Finally! A Set of Books That Both The Prom and Drag Queen Can Get Excited About.

What’s ugly to you? Shrek? Virginia Tech’s school colors? Your Wife? Pedophilia? Alex Trebek? We can all argue about the things that we find ugly from architecture to pop-music to Kraft macaroni and cheese. Lucky for us, though, Italian novelist/philosopher Umberto Eco has simmered and reduced this idea of ugliness into one concise volume. You can find this hardbound piece in the art section of your bookstore but it’s so much more: philosophy, sociology, history, and popular culture are only a few.
It begins with the question of ugliness in the classical world and our stereotyped image of the Greek world. “…the status of Aphrodite or Apollo that, thanks to the whiteness of the marble, portray an idealized beauty.
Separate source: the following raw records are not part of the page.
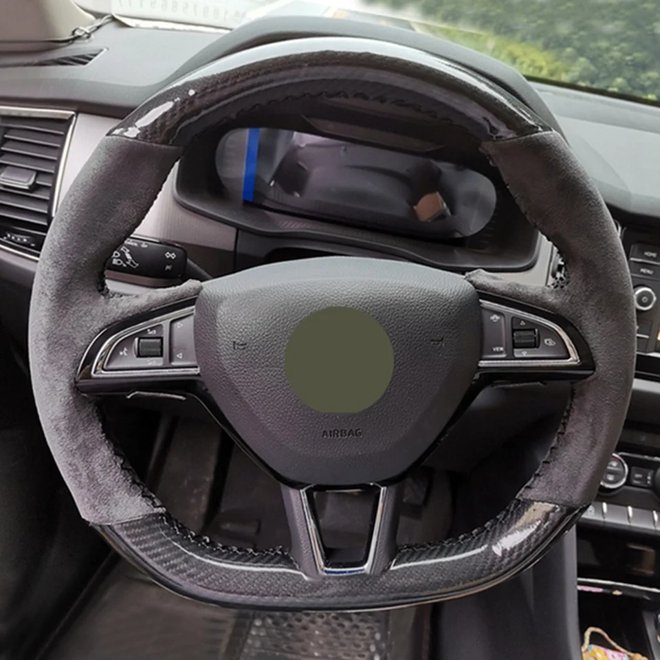 Чехол рулевого колеса автомобиля черная замша из углеродного волокна для Skoda Octavia RS Citigo Fabia Scala Karoq Kodiaq Citijet Superb 2015-2019
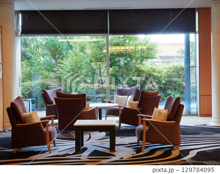 観光地のホテルのロビーの椅子とテーブルと和風庭の風景
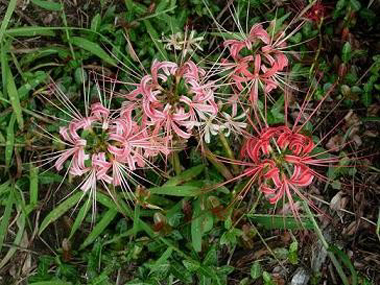 秋になると、赤色で鮮やかに 咲き誇る彼岸花。 一本だけ白い彼岸花を見つけ 珍しいと感激していましたところ その近くでこの花びらの外側から白いのを見つけました。
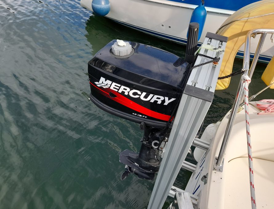 Outboard storage bracket fitted to transom - also lowers outboard into the water as a back up engine.

However, ugliness exists, therefore, only in the sensible order as an aspect of the imperfection of the physical universe compared to the ideal world.” So basically, what we see in the idealized, romanticized statues in our museums, show not the imperfections and disorder of the physical world. Take a look at that Elle magazine again. Look at the photographs (male or female) and try to find a blemish, wrinkle, fat fold, hair out of place—basically try to find someone that looks like you that’s not on an advertisement page for Lane Bryant. We find imperfection ugly; in other words: ourselves (unless of course, you’re a model, then no worries).

History of Beauty
Umberto Eco
Rizzoli (2004)
The companion piece to Ugliness looks at beauty historically, as does Ugly, and tries to focus on what makes something beautiful to the masses. Initially, Eco looks at beauty in art, as in Giorgione’s Sleeping Venus from 1509. A zaftig Venus lays languidly, a thing of beauty in the sixteenth century but juxtapose that with, say, Kate Moss today, or, for the non-drug enthusiast, Eva Longoria. These women, in comparison, are probably one sixteenth the size and have distinct “beautiful” features, like: high cheekbones and wrists thin enough to slip an onion ring on—lord knows they won’t eat it. Chapter III, entitled “Beauty as Proportion and Harmony, Numbers and Music” discusses the attractiveness of numbers. How is the number 5 beautiful? “…because 5 is a number full of arcane correspondences and the pentad is an entity that symbolizes mystical and aesthetic perfection. Five is a circular number that, when multiplied, continually comes round to itself (5x5=25x5=125x=625, etc)” Cosmic harmony.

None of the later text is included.